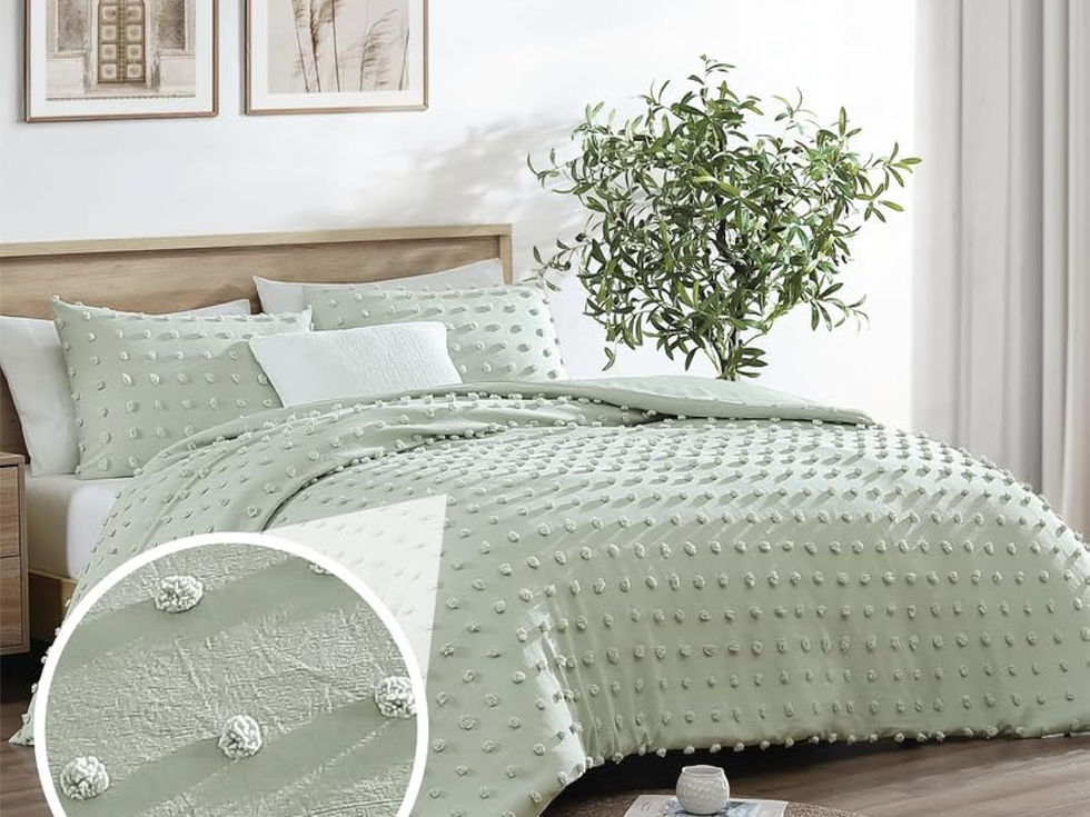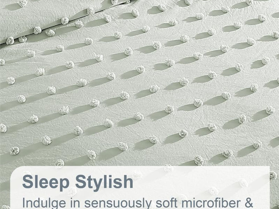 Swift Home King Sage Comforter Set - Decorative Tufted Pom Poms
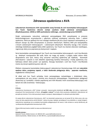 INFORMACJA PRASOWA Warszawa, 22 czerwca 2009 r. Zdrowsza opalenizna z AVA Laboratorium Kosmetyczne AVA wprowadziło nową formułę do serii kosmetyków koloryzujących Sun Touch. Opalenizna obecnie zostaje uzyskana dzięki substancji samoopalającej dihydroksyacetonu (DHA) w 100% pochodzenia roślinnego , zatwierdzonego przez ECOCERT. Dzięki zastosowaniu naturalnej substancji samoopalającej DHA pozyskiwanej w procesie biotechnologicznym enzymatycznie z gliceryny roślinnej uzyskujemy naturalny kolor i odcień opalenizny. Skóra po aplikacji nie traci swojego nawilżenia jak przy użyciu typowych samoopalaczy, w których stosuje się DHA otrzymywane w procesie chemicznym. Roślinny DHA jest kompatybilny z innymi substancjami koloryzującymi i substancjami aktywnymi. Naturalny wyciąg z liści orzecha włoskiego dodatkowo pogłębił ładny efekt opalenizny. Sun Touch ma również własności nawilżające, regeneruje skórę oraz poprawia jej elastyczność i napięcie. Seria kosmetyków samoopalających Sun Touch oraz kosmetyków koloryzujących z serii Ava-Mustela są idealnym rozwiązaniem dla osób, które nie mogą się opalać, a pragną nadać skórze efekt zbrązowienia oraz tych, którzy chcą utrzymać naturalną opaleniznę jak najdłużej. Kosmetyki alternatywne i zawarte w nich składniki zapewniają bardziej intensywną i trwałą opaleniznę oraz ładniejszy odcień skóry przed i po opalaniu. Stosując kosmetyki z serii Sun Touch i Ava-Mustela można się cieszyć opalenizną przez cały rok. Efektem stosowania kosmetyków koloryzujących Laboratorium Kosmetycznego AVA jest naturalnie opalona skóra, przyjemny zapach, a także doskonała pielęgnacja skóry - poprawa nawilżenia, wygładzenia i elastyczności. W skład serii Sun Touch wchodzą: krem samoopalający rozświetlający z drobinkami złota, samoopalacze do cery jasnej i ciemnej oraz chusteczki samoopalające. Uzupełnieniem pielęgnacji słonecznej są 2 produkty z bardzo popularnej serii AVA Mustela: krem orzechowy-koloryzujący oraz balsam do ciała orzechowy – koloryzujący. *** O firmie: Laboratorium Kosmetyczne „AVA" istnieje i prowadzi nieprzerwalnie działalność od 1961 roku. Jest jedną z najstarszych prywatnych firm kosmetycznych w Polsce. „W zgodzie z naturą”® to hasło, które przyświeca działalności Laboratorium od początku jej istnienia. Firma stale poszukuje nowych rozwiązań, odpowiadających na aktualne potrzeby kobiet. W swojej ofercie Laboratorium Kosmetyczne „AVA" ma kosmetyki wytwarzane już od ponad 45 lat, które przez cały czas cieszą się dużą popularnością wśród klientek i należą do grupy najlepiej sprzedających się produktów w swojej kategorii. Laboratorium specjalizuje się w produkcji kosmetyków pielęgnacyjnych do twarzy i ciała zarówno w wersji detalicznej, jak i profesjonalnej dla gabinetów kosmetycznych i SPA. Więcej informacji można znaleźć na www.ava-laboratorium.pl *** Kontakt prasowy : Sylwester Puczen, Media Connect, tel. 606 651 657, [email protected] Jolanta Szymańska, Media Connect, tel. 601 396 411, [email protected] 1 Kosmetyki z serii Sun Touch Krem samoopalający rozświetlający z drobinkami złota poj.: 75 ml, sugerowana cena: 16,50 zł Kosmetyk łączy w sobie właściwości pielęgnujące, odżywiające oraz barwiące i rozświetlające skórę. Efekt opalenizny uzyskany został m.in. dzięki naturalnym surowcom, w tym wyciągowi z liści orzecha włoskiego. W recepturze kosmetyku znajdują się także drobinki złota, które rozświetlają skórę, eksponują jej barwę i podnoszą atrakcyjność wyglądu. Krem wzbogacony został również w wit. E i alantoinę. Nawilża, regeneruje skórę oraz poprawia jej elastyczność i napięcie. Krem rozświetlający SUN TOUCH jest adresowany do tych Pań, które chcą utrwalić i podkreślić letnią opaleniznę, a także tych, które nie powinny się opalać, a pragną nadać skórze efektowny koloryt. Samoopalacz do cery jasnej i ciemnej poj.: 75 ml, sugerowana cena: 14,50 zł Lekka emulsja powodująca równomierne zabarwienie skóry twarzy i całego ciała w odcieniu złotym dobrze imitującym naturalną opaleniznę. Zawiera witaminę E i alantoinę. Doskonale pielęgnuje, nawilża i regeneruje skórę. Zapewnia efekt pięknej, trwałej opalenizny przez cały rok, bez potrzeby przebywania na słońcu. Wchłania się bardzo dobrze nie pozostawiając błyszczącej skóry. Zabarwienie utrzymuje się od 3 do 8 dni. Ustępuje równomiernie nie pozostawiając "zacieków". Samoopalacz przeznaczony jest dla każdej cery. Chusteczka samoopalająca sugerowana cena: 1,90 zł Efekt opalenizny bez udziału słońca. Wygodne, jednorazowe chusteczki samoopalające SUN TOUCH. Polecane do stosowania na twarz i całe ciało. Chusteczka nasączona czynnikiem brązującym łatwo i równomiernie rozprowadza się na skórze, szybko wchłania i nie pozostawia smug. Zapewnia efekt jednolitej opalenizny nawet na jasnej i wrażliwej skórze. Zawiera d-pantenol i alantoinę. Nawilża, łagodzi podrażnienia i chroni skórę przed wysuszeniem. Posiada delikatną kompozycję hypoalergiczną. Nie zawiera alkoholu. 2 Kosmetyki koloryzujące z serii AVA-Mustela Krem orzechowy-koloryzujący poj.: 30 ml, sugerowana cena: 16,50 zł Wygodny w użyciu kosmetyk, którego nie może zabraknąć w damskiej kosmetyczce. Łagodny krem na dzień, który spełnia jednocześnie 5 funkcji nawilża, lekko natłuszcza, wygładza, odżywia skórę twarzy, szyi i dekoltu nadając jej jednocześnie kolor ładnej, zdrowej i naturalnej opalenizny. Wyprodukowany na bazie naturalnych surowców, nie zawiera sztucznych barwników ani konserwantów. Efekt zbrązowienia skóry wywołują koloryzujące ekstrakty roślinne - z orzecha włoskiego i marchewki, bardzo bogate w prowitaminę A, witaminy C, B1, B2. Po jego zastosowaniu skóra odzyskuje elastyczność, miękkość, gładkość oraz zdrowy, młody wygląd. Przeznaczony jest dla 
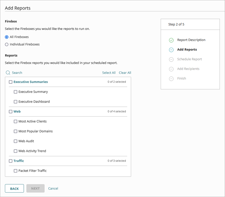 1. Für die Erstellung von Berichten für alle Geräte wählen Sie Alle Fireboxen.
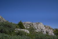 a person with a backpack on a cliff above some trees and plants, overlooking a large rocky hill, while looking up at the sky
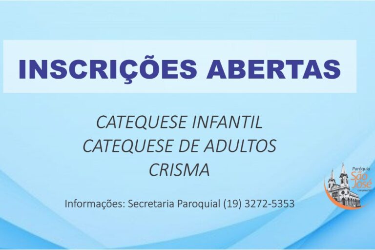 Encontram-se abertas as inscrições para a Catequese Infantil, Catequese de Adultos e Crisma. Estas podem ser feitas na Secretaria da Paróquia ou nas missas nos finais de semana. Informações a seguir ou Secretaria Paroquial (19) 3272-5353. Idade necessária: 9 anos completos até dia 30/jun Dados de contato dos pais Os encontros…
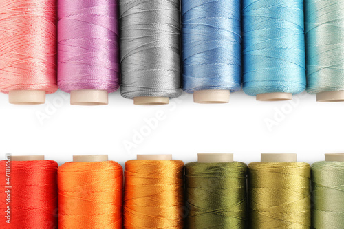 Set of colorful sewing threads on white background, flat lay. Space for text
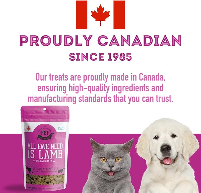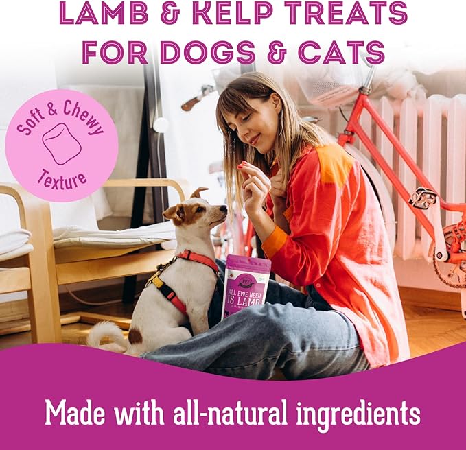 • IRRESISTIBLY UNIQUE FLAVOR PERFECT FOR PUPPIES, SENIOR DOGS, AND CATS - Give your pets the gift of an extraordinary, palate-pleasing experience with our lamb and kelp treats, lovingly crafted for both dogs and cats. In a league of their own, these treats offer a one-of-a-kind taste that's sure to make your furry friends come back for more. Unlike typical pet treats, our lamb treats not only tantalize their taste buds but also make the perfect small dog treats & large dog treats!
---
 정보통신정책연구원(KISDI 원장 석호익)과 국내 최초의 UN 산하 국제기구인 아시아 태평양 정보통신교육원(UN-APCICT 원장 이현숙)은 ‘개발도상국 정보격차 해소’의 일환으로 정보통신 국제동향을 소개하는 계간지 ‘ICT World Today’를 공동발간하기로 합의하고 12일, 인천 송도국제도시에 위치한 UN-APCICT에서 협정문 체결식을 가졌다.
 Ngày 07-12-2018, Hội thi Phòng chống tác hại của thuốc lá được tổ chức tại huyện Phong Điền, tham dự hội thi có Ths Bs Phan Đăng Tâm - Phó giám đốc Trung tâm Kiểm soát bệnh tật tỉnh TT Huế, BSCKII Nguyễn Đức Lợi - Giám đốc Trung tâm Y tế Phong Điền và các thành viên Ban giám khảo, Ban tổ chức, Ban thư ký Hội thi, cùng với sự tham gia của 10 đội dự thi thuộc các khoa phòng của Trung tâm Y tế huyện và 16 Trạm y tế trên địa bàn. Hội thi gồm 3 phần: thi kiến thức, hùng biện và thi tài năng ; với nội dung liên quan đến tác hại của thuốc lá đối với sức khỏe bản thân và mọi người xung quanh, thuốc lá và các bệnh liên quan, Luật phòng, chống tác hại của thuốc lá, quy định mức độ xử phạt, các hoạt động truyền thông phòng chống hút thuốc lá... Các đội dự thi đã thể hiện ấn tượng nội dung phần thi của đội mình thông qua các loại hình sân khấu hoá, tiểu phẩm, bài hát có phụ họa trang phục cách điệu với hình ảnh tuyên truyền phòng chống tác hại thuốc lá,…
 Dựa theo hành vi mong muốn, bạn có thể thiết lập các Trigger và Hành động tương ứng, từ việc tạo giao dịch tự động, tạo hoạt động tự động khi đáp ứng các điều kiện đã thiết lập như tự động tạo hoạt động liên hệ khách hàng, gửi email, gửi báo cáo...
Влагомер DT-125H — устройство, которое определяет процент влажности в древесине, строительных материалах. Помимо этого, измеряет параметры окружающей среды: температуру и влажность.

◆ Problem statement:
All lines of the data that hold "liên" need to be copied.

◆ Answer to the problem:
 Ngày 07-12-2018, Hội thi Phòng chống tác hại của thuốc lá được tổ chức tại huyện Phong Điền, tham dự hội thi có Ths Bs Phan Đăng Tâm - Phó giám đốc Trung tâm Kiểm soát bệnh tật tỉnh TT Huế, BSCKII Nguyễn Đức Lợi - Giám đốc Trung tâm Y tế Phong Điền và các thành viên Ban giám khảo, Ban tổ chức, Ban thư ký Hội thi, cùng với sự tham gia của 10 đội dự thi thuộc các khoa phòng của Trung tâm Y tế huyện và 16 Trạm y tế trên địa bàn. Hội thi gồm 3 phần: thi kiến thức, hùng biện và thi tài năng ; với nội dung liên quan đến tác hại của thuốc lá đối với sức khỏe bản thân và mọi người xung quanh, thuốc lá và các bệnh liên quan, Luật phòng, chống tác hại của thuốc lá, quy định mức độ xử phạt, các hoạt động truyền thông phòng chống hút thuốc lá... Các đội dự thi đã thể hiện ấn tượng nội dung phần thi của đội mình thông qua các loại hình sân khấu hoá, tiểu phẩm, bài hát có phụ họa trang phục cách điệu với hình ảnh tuyên truyền phòng chống tác hại thuốc lá,…
 Dựa theo hành vi mong muốn, bạn có thể thiết lập các Trigger và Hành động tương ứng, từ việc tạo giao dịch tự động, tạo hoạt động tự động khi đáp ứng các điều kiện đã thiết lập như tự động tạo hoạt động liên hệ khách hàng, gửi email, gửi báo cáo...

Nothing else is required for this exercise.